Commissioned by Chor Leoni (Erick Lichte, Artistic Director).

"Melissa Dunphy’s composition, The Things We Leave Behind, has as its theme humanity’s legacies buried beneath the Earth’s surface and how they might appear to future civilizations. Throughout the work, Dunphy contrasts stories of the past with those of the present, from the stone-age Venus of Willendorf figurine to mass-produced novelty mugs." [Stir Arts & Culture]


Composer's Notes


"In 2014, I became an accidental archaeologist after my husband and I bought a property in Philadelphia and discovered two 18th-century privy pits beneath our building filled with artifacts from before and during the Revolutionary War. As I dug, cleaned, and catalogued these household objects—with the help of some real archaeologists at the National Park Service, the Museum of the American Revolution, and Colonial Williamsburg—I became obsessed with the stories embedded in them, starring the ordinary people who left them behind. While most of us think of archaeology as the study of people from the very distant past—those who created Ancient Egyptian pyramids or Peruvian temples or Paleolithic cave paintings in France—I was struck by the way these more recent finds connected me to archaeology’s constant and continuing process. Everything we abandon, from the trash on our streets to the trinkets in our attics to the chemicals in our soil, is a record of who we are, and future generations (assuming humanity survives) will divine our everyday stories by studying our detritus.

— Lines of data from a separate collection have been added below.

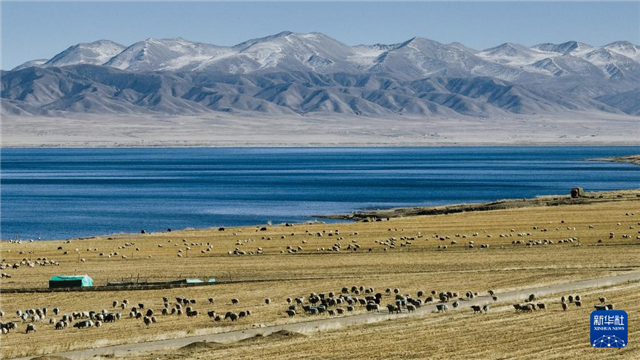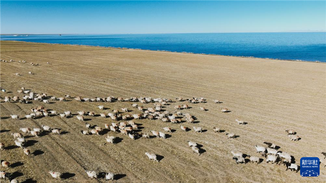 冬日,在青海省海南藏族自治州共和县江西沟镇附近的青海湖湖畔,牧民赶着羊群在这里放牧,湛蓝的湖水与羊群相映成景,绘就一幅冬日牧羊图。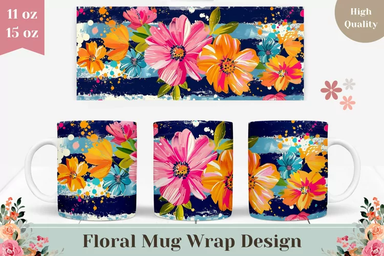 Watercolor Flowers Sublimation Mug, Stripes Mug Wrap Design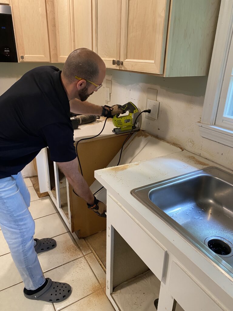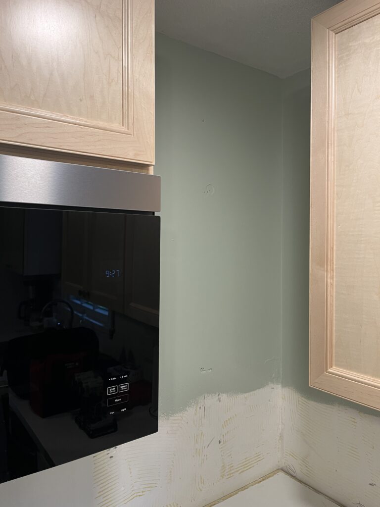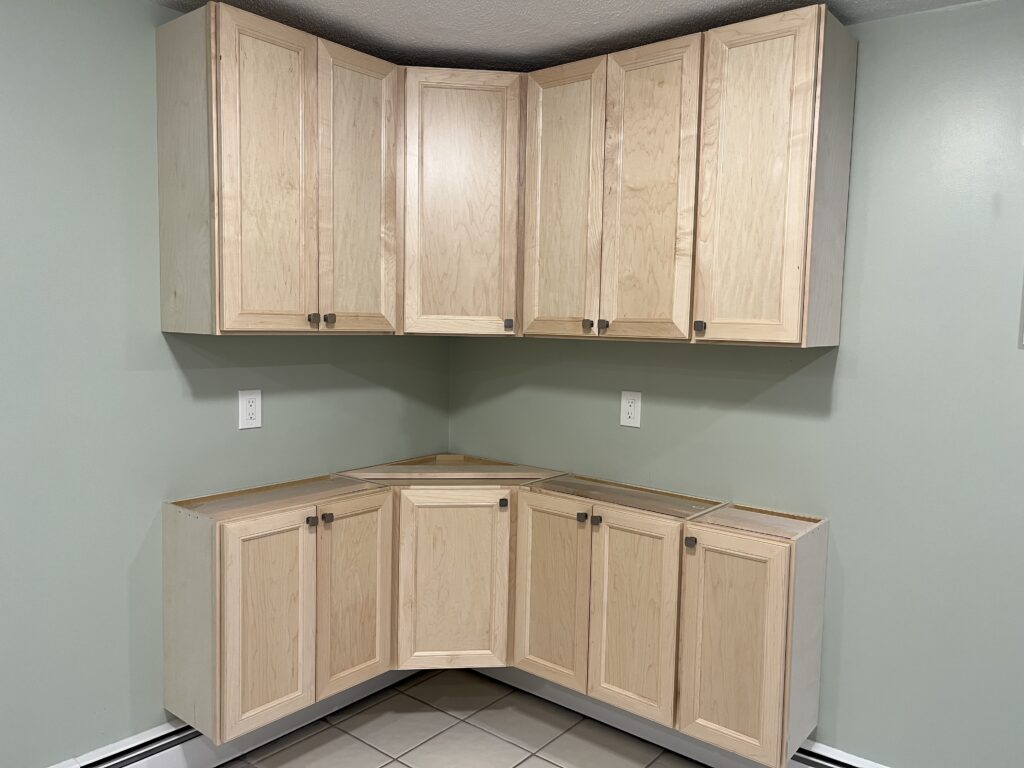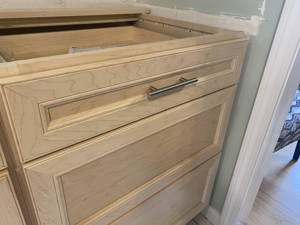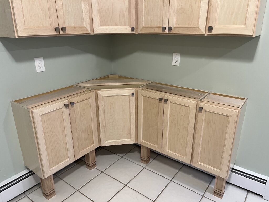 Daniela was always working ahead with drywall and paint prep so we could hang a cabinet or two, as time allowed. We always put the fresh cabinet immediately “into service”, so the next one could be emptied and removed.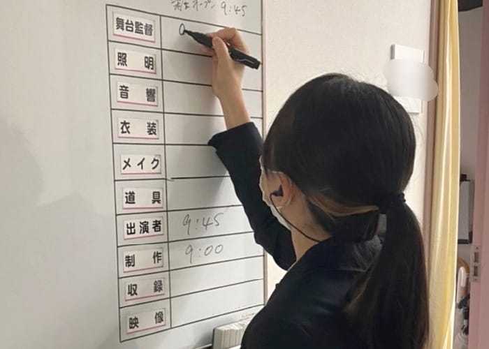 昼夜2公演。本番中はキャストの怪我など万が一の場合に備えて待機をしつつ、劇場にこもりっきりになる皆さんに少しでも楽しんでもらえるようケータリングや掲示物を華やかにしたりと快適に過ごしてもらえるように工夫を凝らしています。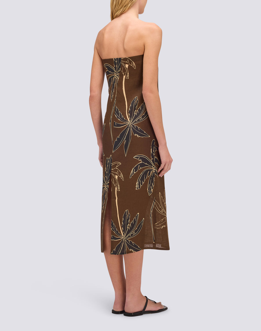 Long linen dress with bare shoulders and Golden Palm pattern. Ideal for hot summer days, wear it with a bikini set in the same pattern; you can wear it to the beach or even in urban settings (a walk, an aperitif).

"In modern North America, we are so wedded to living in the “now” that we tend to disregard our long-term storyline. Our exploitation of natural resources and marginalized populations for short-term gains has had obvious detrimental effects on the environment and our society. One of the ways that archaeology can shift our thinking is by encouraging us to see our place in a broader timeline and guiding us as we prepare the world for future generations.

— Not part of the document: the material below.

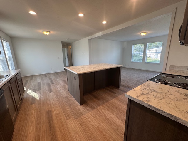 Welcome to this beautiful four-bedroom home featuring a bright, open-concept design perfect for family living and entertaining. The modern kitchen is the heart of the home, complete with a large center island, stylish cabinetry, and sleek black appliances. The open layout flows seamlessly into the dining and living areas, creating an inviting space for gatherings.

"The Things We Leave Behind contrasts stories of the past with stories we are currently creating through abandoned objects, from the stone-age Willendorf Venus to mass-produced novelty mugs and microscopic man-made particles deposited in the ground. One song’s text is taken from the wills of the first Europeans who owned my property in the 18th century, and another is a tribute to an enslaved 19th-century potter whose work I learned about as I dove into the world of Early American ceramics. Throughout, the past stories are connected to the familiar present, in the hope that we will consider our own impact in the ongoing material record of humanity. Woven into the score are a few musical artifacts: the Gregorian chant Per omnia saecula saeculorum, and a sneaky Ave maria and Dies irae."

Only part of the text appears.